Questions to answer:
- Who is most likely to decline next season?
- Who is most likely to improve?
- What's causing the discrepancy for each player?
Exercise 2: Barrel Rate vs. Home Run Analysis
Task: Analyze the relationship between barrel rate and home run totals.
Steps:
- Collect barrel% and HR data for 20+ qualified hitters
- Create a scatter plot: Barrel% (x-axis) vs. HR (y-axis)
- Calculate correlation coefficient
- Identify outliers - high barrel%, low HR and vice versa
- Investigate why outliers exist (park factors, launch angle within barrels)
Questions to answer:
- How strong is the correlation between Barrel% and HR?
- What barrel% typically produces 30+ HR?
- Which players have high barrels but low HR? Why?
Exercise 3: Complete Hitter Profile
Task: Create a complete Statcast profile for two contrasting hitters - one power hitter and one contact/speed hitter.
Suggested players:
- Power: Aaron Judge, Kyle Schwarber, Pete Alonso
- Contact/Speed: Luis Arraez, Steven Kwan, Elly De La Cruz
Requirements:
- Use the
create_complete_hitter_profile()function - Calculate all key metrics for both players
- Compare and contrast their profiles
- Explain how their different approaches produce value
- Predict future performance based on Statcast data
Exercise 4: Launch Angle Revolution Analysis
Task: Analyze how launch angles have changed over time and their impact on home runs.
Steps:
- Fetch league-wide data from 2015, 2018, and 2024
- Calculate average launch angle for each year
- Calculate FB% (25-50°) for each year
- Compare to league-wide HR totals
- Identify when the "launch angle revolution" peaked
Questions to answer:
- How much has average launch angle increased since 2015?
- What year had the highest fly ball rate?
- Has the revolution plateaued or reversed?
- What's the relationship between league-wide launch angle and HR totals?
Chapter Summary
In this chapter, we've explored the revolutionary world of Statcast Analytics, focusing specifically on hitting metrics. We've learned:
- Statcast's Impact: Since 2015, ball and player tracking has provided unprecedented insight into player performance
- Exit Velocity: The foundational power metric, with 95+ mph representing "hard hit" contact and elite hitters averaging 93+ mph
- Launch Angle: The vertical component of batted balls, with the "sweet spot" (8-32°) combining the high BABIP of line drives with home run power
- Barrels: The perfect combination of exit velocity and launch angle, representing elite contact quality with .500+ BA and 1.500+ SLG
- Expected Statistics (xStats): Metrics like xBA and xwOBA that isolate contact quality from luck and defense, crucial for identifying regression candidates
- Spray Analysis: Understanding pull/center/opposite field tendencies and their implications for defensive positioning
- Sprint Speed: The pure athleticism metric that impacts BABIP, especially on ground balls, and baserunning value
- Advanced Analysis: Plate coverage, pitch type splits, and count-based performance reveal the complete picture of a hitter's approach
- Complete Profiles: Combining all Statcast metrics creates a comprehensive view of hitter talent, separating skill from circumstance
The Statcast revolution has fundamentally changed baseball analysis.

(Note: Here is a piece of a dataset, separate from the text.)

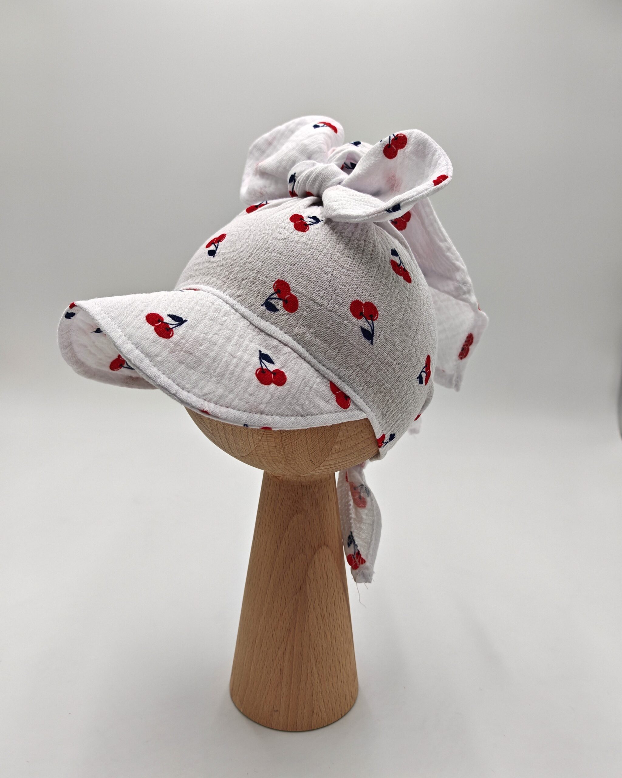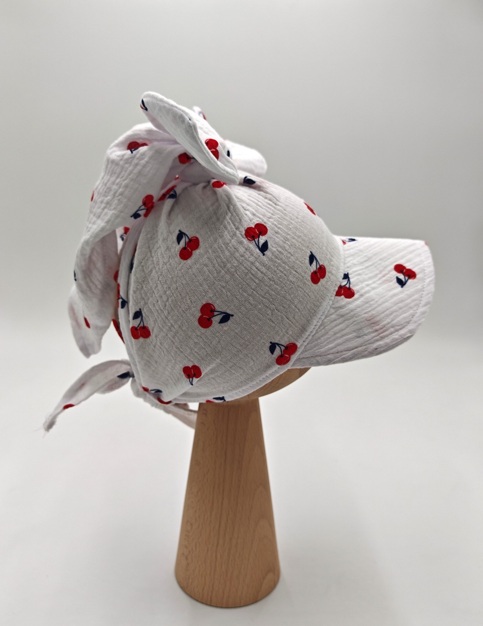 Letnia chustka z daszkiem dla dziewczynki – wzór wisienki

We no longer need to rely solely on outcome-based statistics that blend skill, luck, defense, and park factors. Instead, we can isolate the hitter's contribution - the quality of contact - and build predictive models that identify future performance more accurately than ever before.
In the next chapter, we'll shift our focus to Statcast Pitching Analytics, exploring how similar tracking technologies have transformed our understanding of pitchers.